Canada-based CentML harnesses software optimization to maximize LLM performance

CentML CEO Gennady Pekhimenko (second from right) and other co-founders of the company.

As AI adoption rises, the demand for computing power and enhanced performance also grows.

The situation creates opportunities for companies such as CentML, which helps customers optimize their Machine Learning (ML) models with available hardware. The startup has attracted investment from tech giants such as Google and Nvidia.

Founded in 2022, CentML represents the collective effort of current and former PhD students and professors at the University of Toronto and industry veterans. CEO Gennady Pekhimenko, also a Professor at the university, said his research group, the predecessor of CentML, predicted a long time ago that hardware would be one of the bottlenecks for the growth of machine learning and focused on improving the utilization of existing hardware.

Pekhimenko said they observed frequent mismatches between existing hardware and the ML models that run on it. CentML aims to tell customers the best performance per dollar they can achieve on various hardware, offering solutions to severely optimize their ML models while reducing the cost of running those models. The company targets both enterprises and large or medium-sized cloud providers.

Solutions that serve enterprise and cloud providers' needs

According to Pekhimenko, CentML has developed four software-based products, including CServe and CentML Platform. Both are commercial offerings. CServe is a Large Language Model (LLM) inference engine and deployment interface that allows users to run their models on different hardware.

Pekhimenko said the end-to-end solution removes the major complexity from customers in deploying LLMs, such as which hardware to choose and how to reduce costs for their deployment. CServe can also serve enterprises and cloud providers' unique needs.

Instead of simply asking for the lowest latency or the best throughput, like many startups, those big companies have more complicated requirements. Pekhimenko said they might, for example, simultaneously require a specific level of latency for 99% of the request, while achieving the maximum possible throughput, and the lowest possible price on their hardware.

"They want to get the best performance per dollar," Pekhimenko added.

CentML Platform is also called CCluster. According to Pekhimenko, the solution can optimize any machine learning model and is tightly integrated with the hardware. It is built on cloud providers' offerings or raw hardware, such as Nvidia's DGX boxes.

Pekhimenko said the common practice is training and deploying LLMs on independent clusters or servers. With CCluster, customers can tackle both tasks on a single server without incurring additional expense. The solution creates almost no negative effect on the performance of training and inference, he added.

CentML also offers two open-source solutions: DeepView and Hidet. Pekhimenko said DeepView, a machine learning profiler and predictor, is integrated with the popular machine learning framework PyTorch. It can predict how well a model will run on any of the popular hardware used for ML.

Hidet is a machine-learning compiler. According to Pekhimenko, Hidet generates compute kernels directly from Python code. This would require less engineering effort to generate efficient code for many unique models and layers.

Smart approaches help attract tech giants' attention

As a young company, CentML has already caught the eye of big tech players. In September 2023, the company finished a US$27 million seed funding round led by Gradient Ventures, Google's AI-focused venture fund. Radical Ventures, Nvidia, Deloitte Ventures, and Thomson Reuters Ventures also participated in the round.

"It's hard and easy at the same time," Pekhimenko replied when asked about how CentML won over tech giants.

He said that as a startup, CentML can invest and deliver its mission fast. The company also needs to work smarter. For example, it cannot use a manual approach to write kernels because it does not have that many engineers, he added.

Pekhimenko said CentML's solutions can improve Nvidia GPU's performance and utilization with only a few engineers. He believed this was the main reason the AI computing leader invested in CentML.

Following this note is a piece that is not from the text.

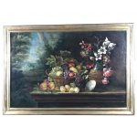 Natura Morta di Fiori e Frutta appoggiata sul piano di un tavolo la composizione è formata da un canestro di paglia intrecciata pieno di frutta e da un fiasco di vetro con paglia contenente dei fiori. Sullo sfondo un paesaggio. Ha una cornice dorata incisa nei centri e negli angoli con dei motivi fogliacei. Il dipinto è decorativo ma non antico, realizzato intorno agli anni Ottanta, ed è in buono stato di conservazione.

Following the investment from Gradient, CentML has maintained an ongoing conversation and partnership with Google, which let the tech giant know how CentML's technology can benefit its cloud customers.

Pekhimenko said CentML's profiler DeepView can help Google's engineers efficiently determine whether they should run specific workloads on Nvidia GPUs or Tensor Processing Units (TPU), and when the practice would benefit customers. He said engineers usually must do manual performance exploration or tuning to find the answer, which could be very time-consuming.

Expanding globally

Headquartered in Toronto, CentML is poised to expand internationally. Pekhimenko said the company opened an office in Palo Alto, the US, in March 2024. It also has the ambition to grow in the Asian market, with Taiwan being one of the top candidates. He said the island hosts a top-notch semiconductor industry while offering many opportunities in the software sector.

Asia has become one of the primary adopters of AI technology, Pekhimenko said. He added that the potential growth of the Asian AI market could be even higher than that of North America. CentML looks forward to bringing its technologies to customers in the region.